## How to complete this task
Each line below is to be copied exactly; images do not go into the copy.

## Provided material
----

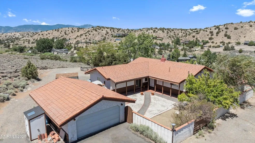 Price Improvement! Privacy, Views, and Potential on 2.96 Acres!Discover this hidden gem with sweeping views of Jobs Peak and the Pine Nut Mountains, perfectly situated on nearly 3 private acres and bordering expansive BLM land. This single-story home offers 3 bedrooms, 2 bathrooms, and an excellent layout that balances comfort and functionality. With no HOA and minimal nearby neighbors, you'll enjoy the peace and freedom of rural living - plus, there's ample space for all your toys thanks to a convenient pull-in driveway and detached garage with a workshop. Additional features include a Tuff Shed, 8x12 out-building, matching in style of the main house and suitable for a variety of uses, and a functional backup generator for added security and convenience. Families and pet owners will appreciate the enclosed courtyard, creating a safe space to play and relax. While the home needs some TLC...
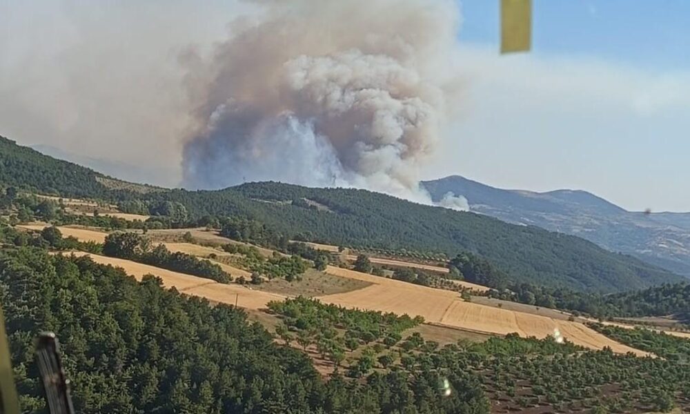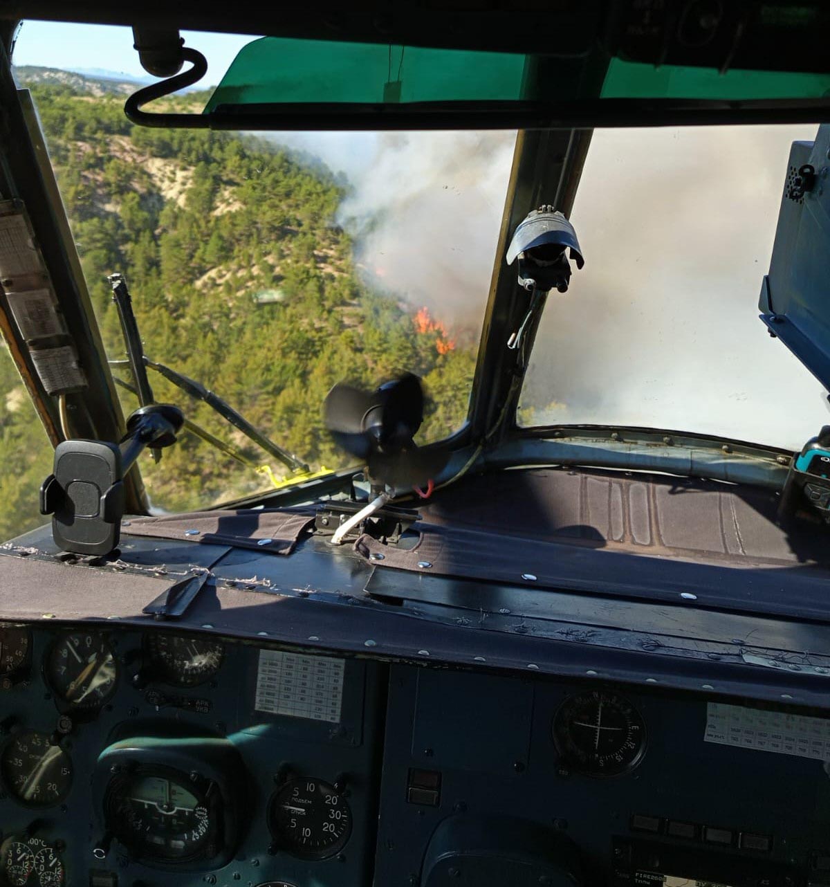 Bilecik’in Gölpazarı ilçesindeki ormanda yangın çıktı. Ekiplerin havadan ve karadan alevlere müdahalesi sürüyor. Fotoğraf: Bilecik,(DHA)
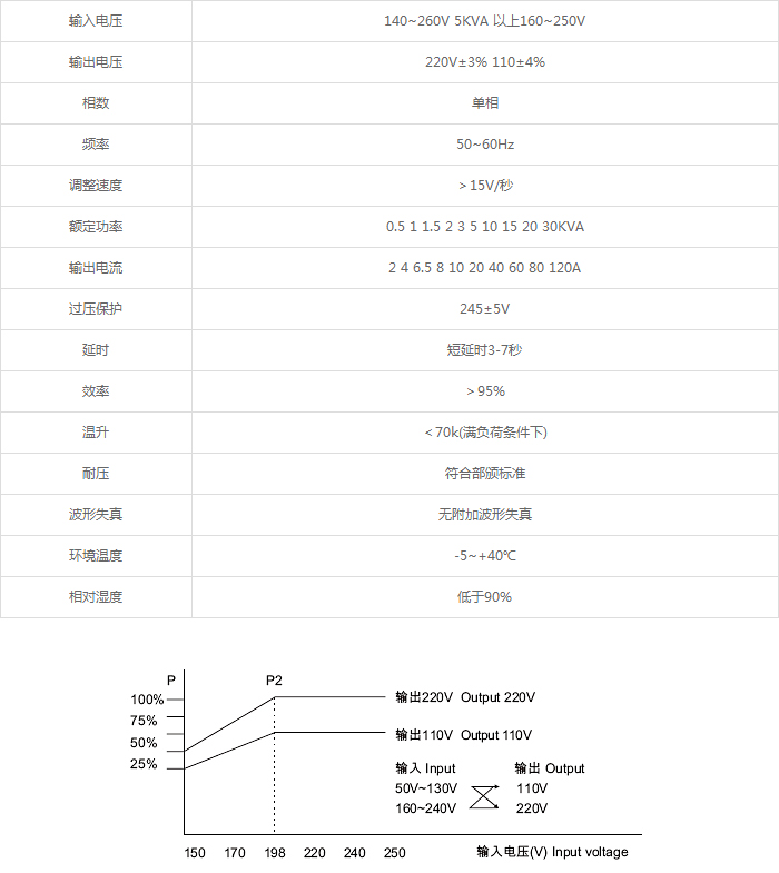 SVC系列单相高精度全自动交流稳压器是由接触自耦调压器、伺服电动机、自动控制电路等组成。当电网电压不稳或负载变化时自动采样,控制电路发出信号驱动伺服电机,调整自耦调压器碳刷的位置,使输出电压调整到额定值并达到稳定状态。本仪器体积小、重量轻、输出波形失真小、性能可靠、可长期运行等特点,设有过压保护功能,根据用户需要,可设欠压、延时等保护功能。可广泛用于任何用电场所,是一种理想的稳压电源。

----

## Finished task
 Price Improvement! Privacy, Views, and Potential on 2.96 Acres!Discover this hidden gem with sweeping views of Jobs Peak and the Pine Nut Mountains, perfectly situated on nearly 3 private acres and bordering expansive BLM land. This single-story home offers 3 bedrooms, 2 bathrooms, and an excellent layout that balances comfort and functionality. With no HOA and minimal nearby neighbors, you'll enjoy the peace and freedom of rural living - plus, there's ample space for all your toys thanks to a convenient pull-in driveway and detached garage with a workshop. Additional features include a Tuff Shed, 8x12 out-building, matching in style of the main house and suitable for a variety of uses, and a functional backup generator for added security and convenience. Families and pet owners will appreciate the enclosed courtyard, creating a safe space to play and relax. While the home needs some TLC...
 Bilecik’in Gölpazarı ilçesindeki ormanda yangın çıktı. Ekiplerin havadan ve karadan alevlere müdahalesi sürüyor. Fotoğraf: Bilecik,(DHA)
 SVC系列单相高精度全自动交流稳压器是由接触自耦调压器、伺服电动机、自动控制电路等组成。当电网电压不稳或负载变化时自动采样,控制电路发出信号驱动伺服电机,调整自耦调压器碳刷的位置,使输出电压调整到额定值并达到稳定状态。本仪器体积小、重量轻、输出波形失真小、性能可靠、可长期运行等特点,设有过压保护功能,根据用户需要,可设欠压、延时等保护功能。可广泛用于任何用电场所,是一种理想的稳压电源。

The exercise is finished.